Here, contrary to appellant’s argument otherwise, v Code § 46.2-943 is the more specific statute. Prior to the 1994 enactment of Code § 19.2-295.1, “bifurcated trials were provided by statute only in capital murder cases . . . and in certain cases, Code § 46.1-347.2,” the predecessor of Code § 46.2-943. Brown v. Commonwealth, 226 v. 56, 59, 307 S.E.2d 239, 240-41 (1983). Code § 46.2-943 permitted the trier of fact to conduct “an individualized assessment of a defendant’s prior record in the context of the subject offense, thereby promoting a more informed determination of sentence.” Gilliam v. Commonwealth, 21 v. App. 519, 523, 465 S.E.2d 592, 594 (1996). Code § 19.2-295.1 expanded the use of bifurcated jury trials to all trials in which the defendant is found guilty of a Class 1 misdemeanor or a felony. Code § 19.2-295.1 is a statute of more general application than Code § 46.2-943, which pertains solely to trials involving driving offenses, including DUI.
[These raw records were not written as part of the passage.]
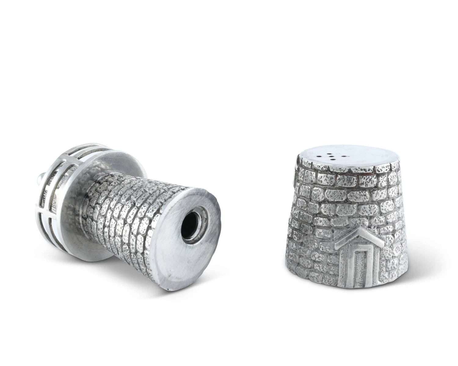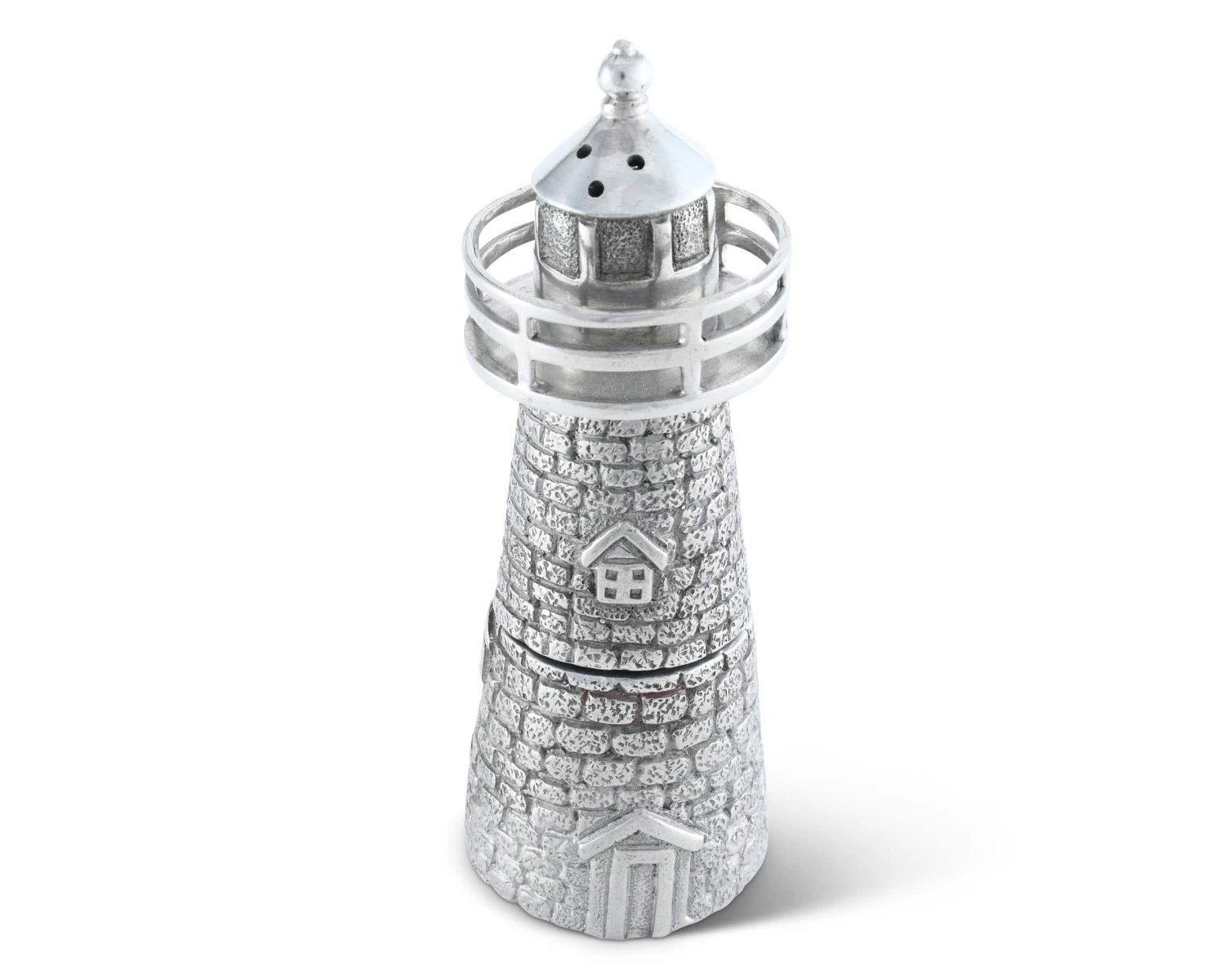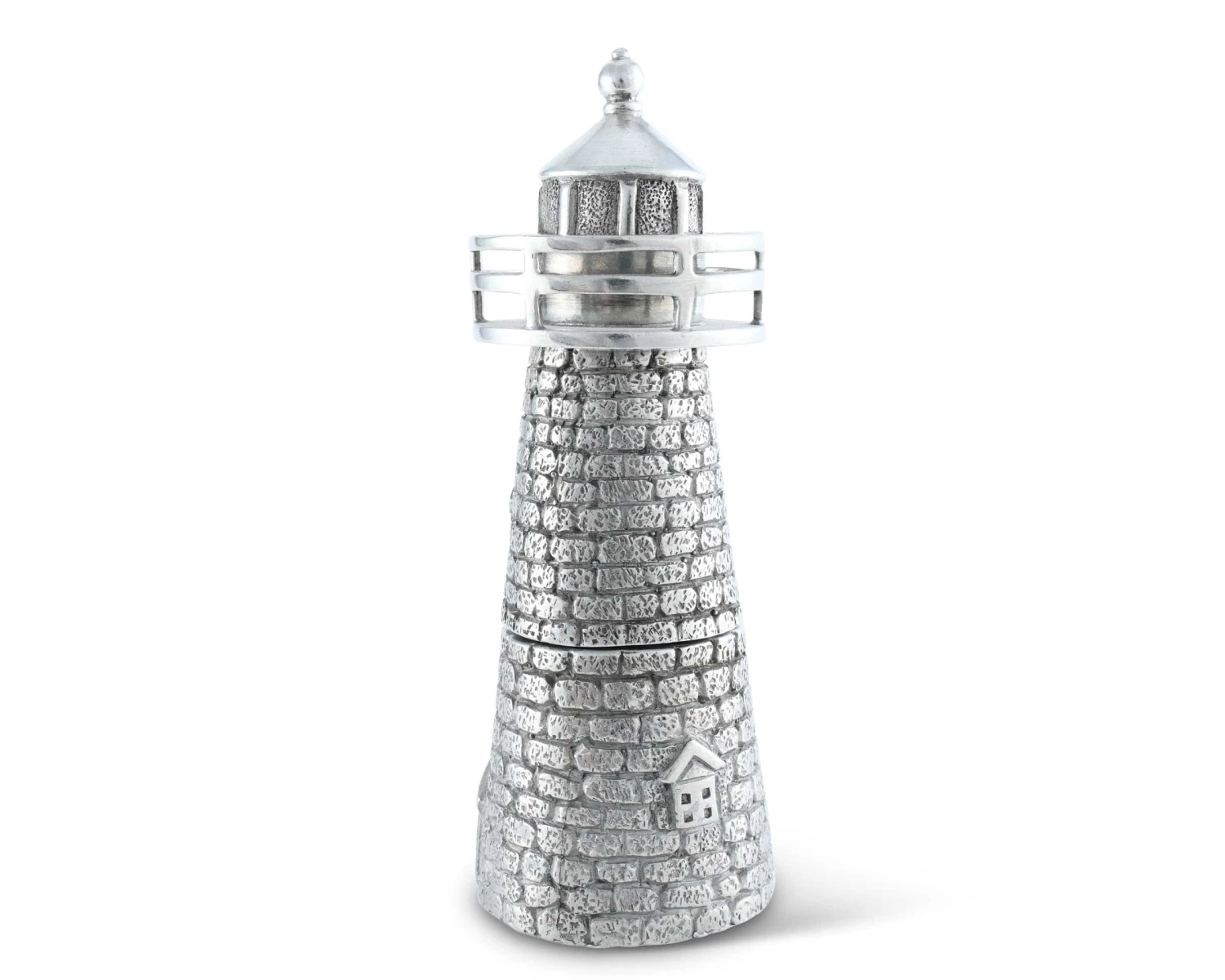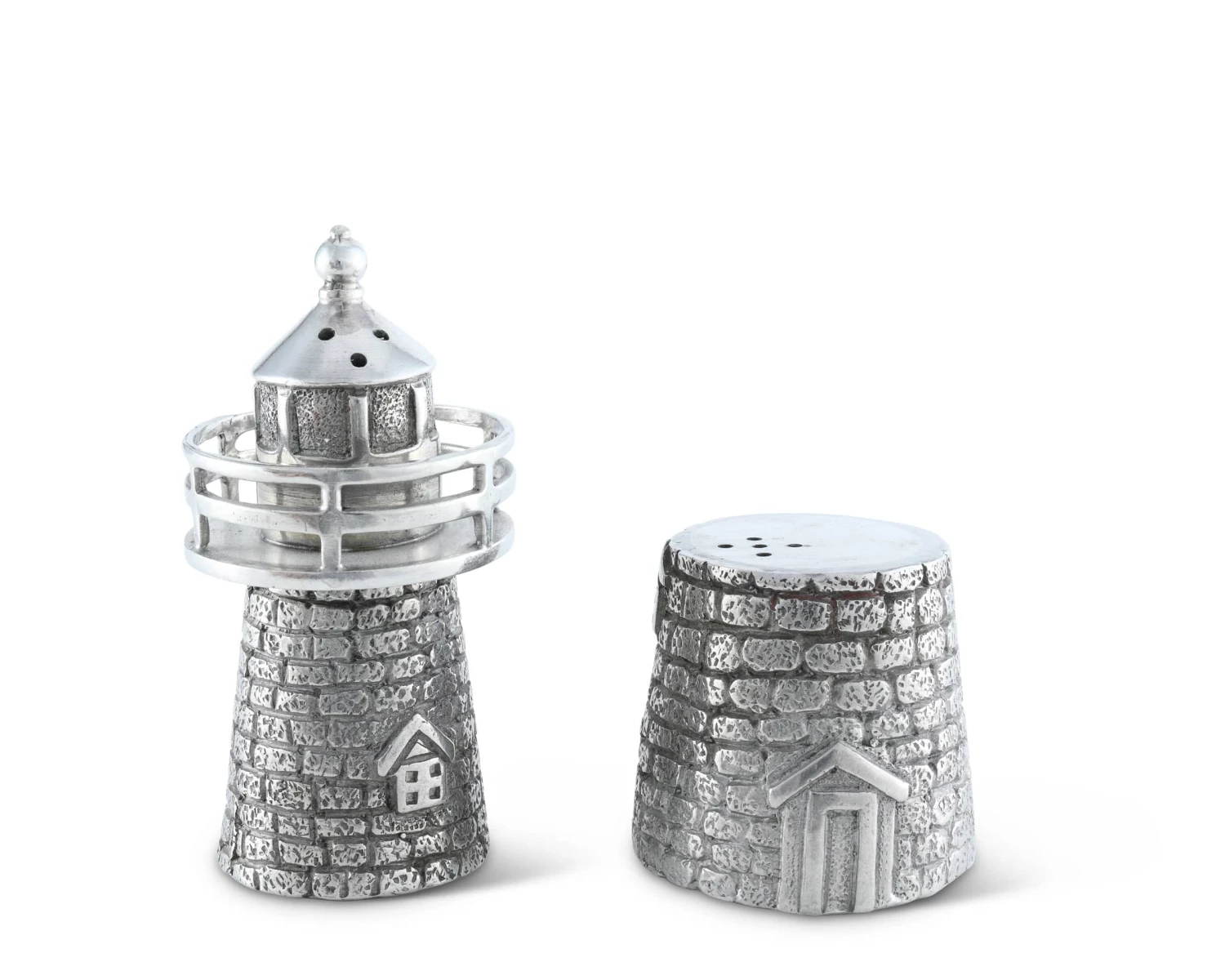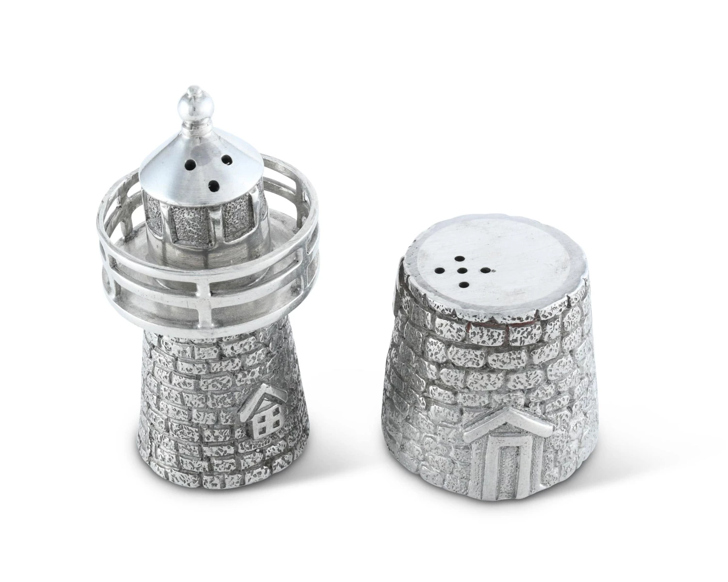 Oh, lighthouses, those romantic coastal dwellings that conjure images of a lonely lightkeeper faithfully shining a beacon for homecoming sailors. Artisans have translated those images into a lovely salt and pepper lighthouse tower for your table. The Vagabond House Lighthouse Salt and Pepper Set is hand-cast in pure, luxury grade pewter. A bit of antiquing has been applied to highlight the wonderful detail of the salt and pepper. The 2 shakers stack upon each other when not in use, forming a lighthouse tower statue that you will want to leave on the table for all to see.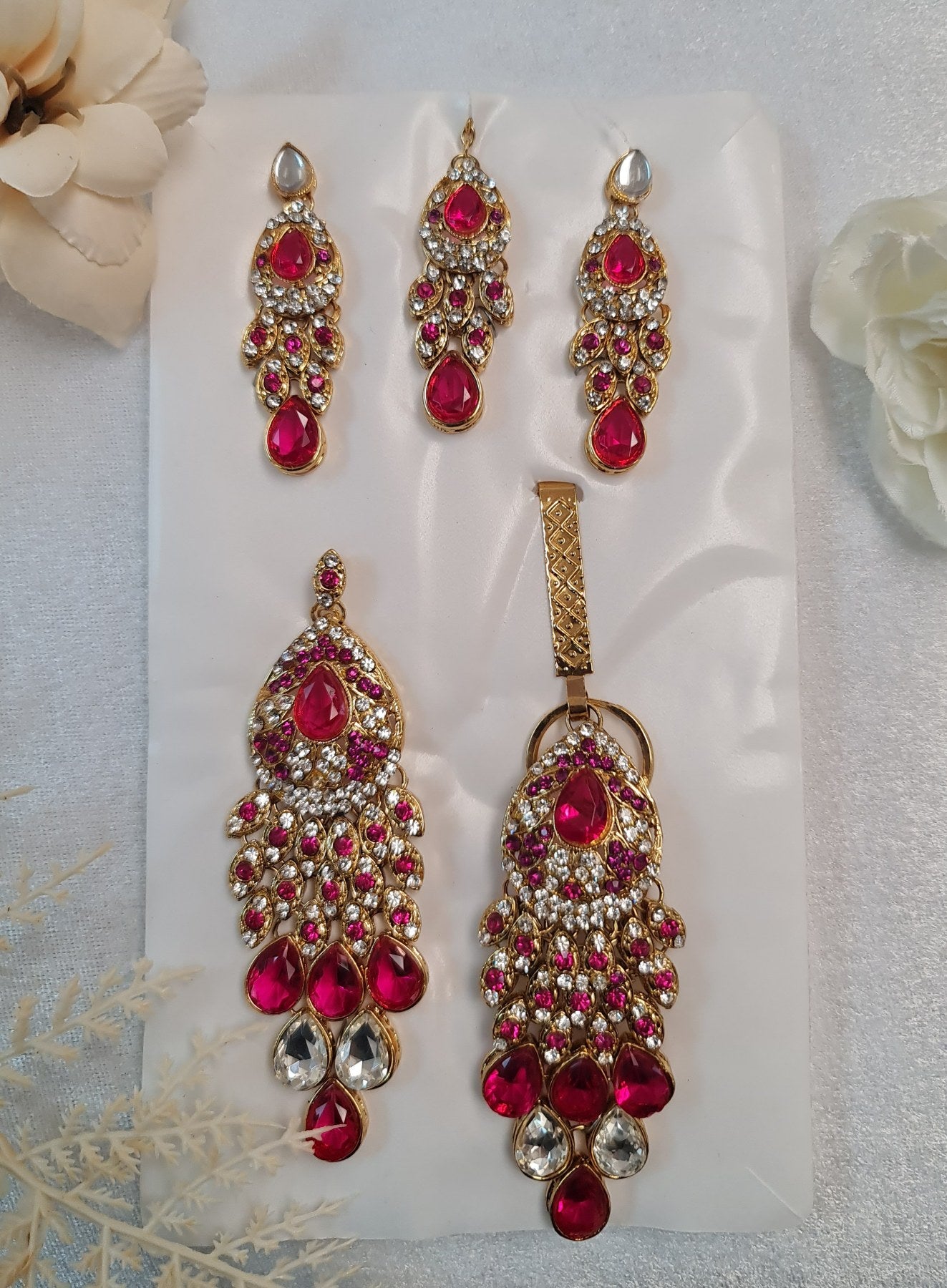 5 piece jewellery set-Rani Pink and silver with golden base.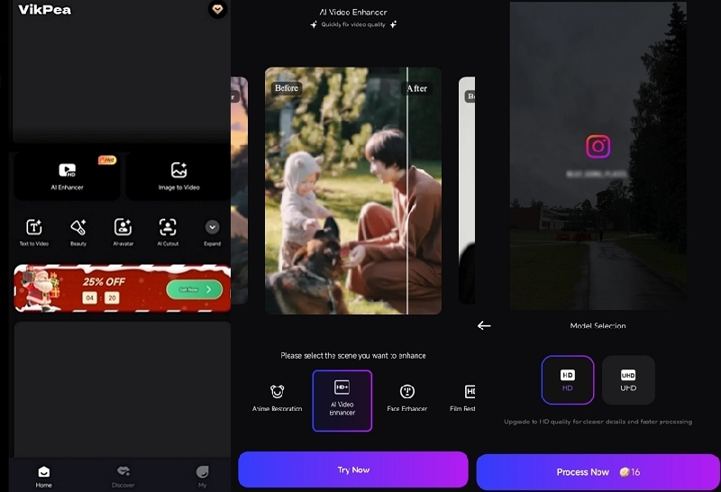 VikPea AI Video Enhancer is a remarkable mobile application, primarily designed to sharpen, colorize, upscale, and optimize videos with high-definition clarity. With various models, you can enhance facial features, boost vibrancy, add colors to b&w footage, brighten dark scenes, beautify & smoothen skin, and more. It can even restore old footage and upscale it to 4K resolution with enhanced details.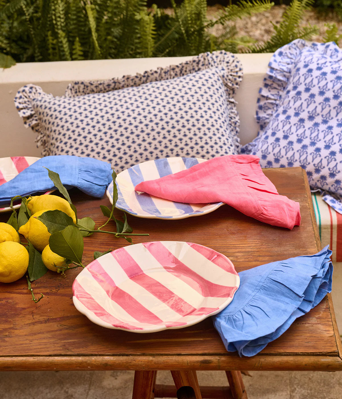 Tallriken Stripe är i lekfulla färger inspirerade av de soldränkta vyerna vid Amalfikusten. Mixa och matcha med assiett från PICK A POPPY för en härlig dukning!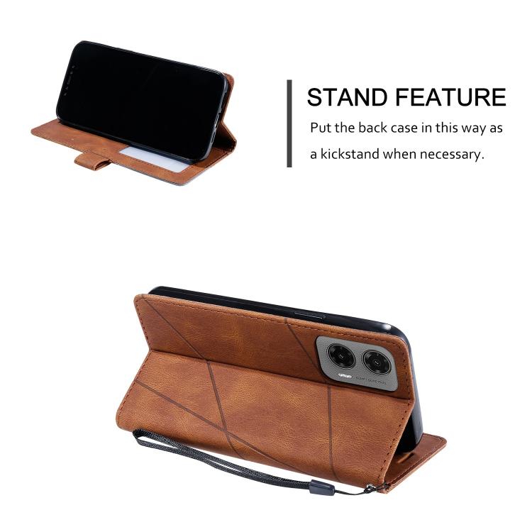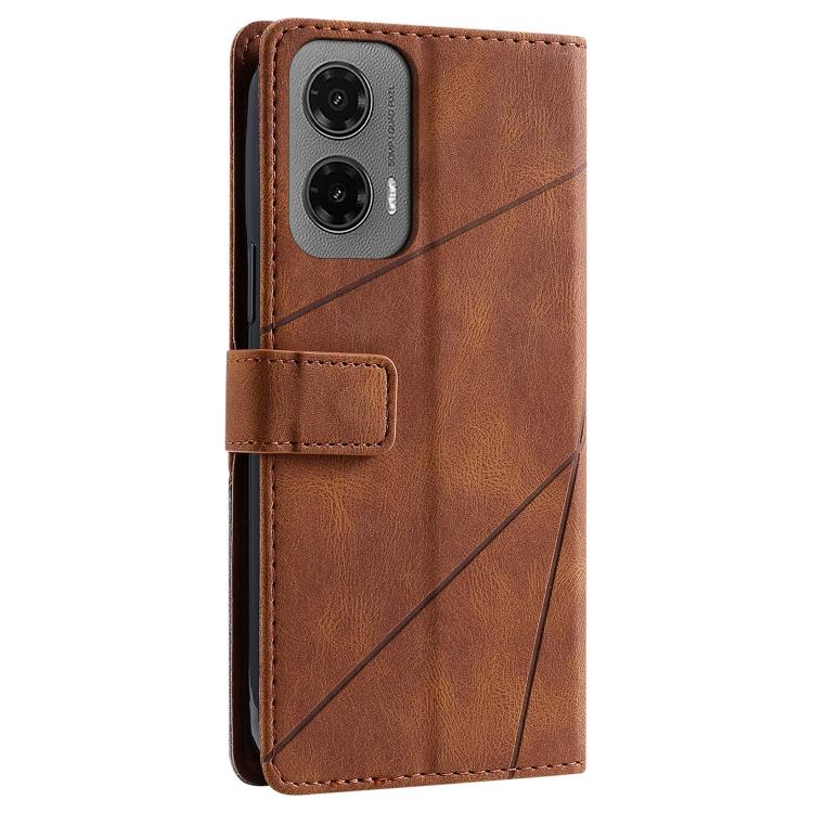 Funda de Cuero con Textura de Piel Sintética para Motorola Moto G35 (Marrón)

We additionally note that the “implied repeal of an earlier statute by a later enactment is not favored,” and we “assume that a legislative body, when enacting new legislation, was aware of existing laws pertaining to the same subject matter . . . .” Sexton v. v Cornett, 271 v. 251, 257, 623 S.E.2d 898, 901 (2006); see also Code § 1-239. We conclude that since the General Assembly did not expressly refer to Code § 46.2-943, a statute related to sentencing proceedings in bifurcated trials for driving offenses, when it enacted Code § 19.2-295.1, it did not intend to impose the Code § 19.2-295.1 notice requirements as a prerequisite for the admissibility of a defendant’s prior record into evidence pursuant to Code § 46.2-943. 4

We conclude that the Code § 19.2-295.1 notice requirements do not apply to the admission of a defendant’s prior record into evidence pursuant to Code § 46.2-943. Accordingly, we conclude the trial court did not err by admitting appellant’s DMV record into evidence.

III. Conclusion

For the foregoing reasons, we affirm appellant’s conviction and sentence.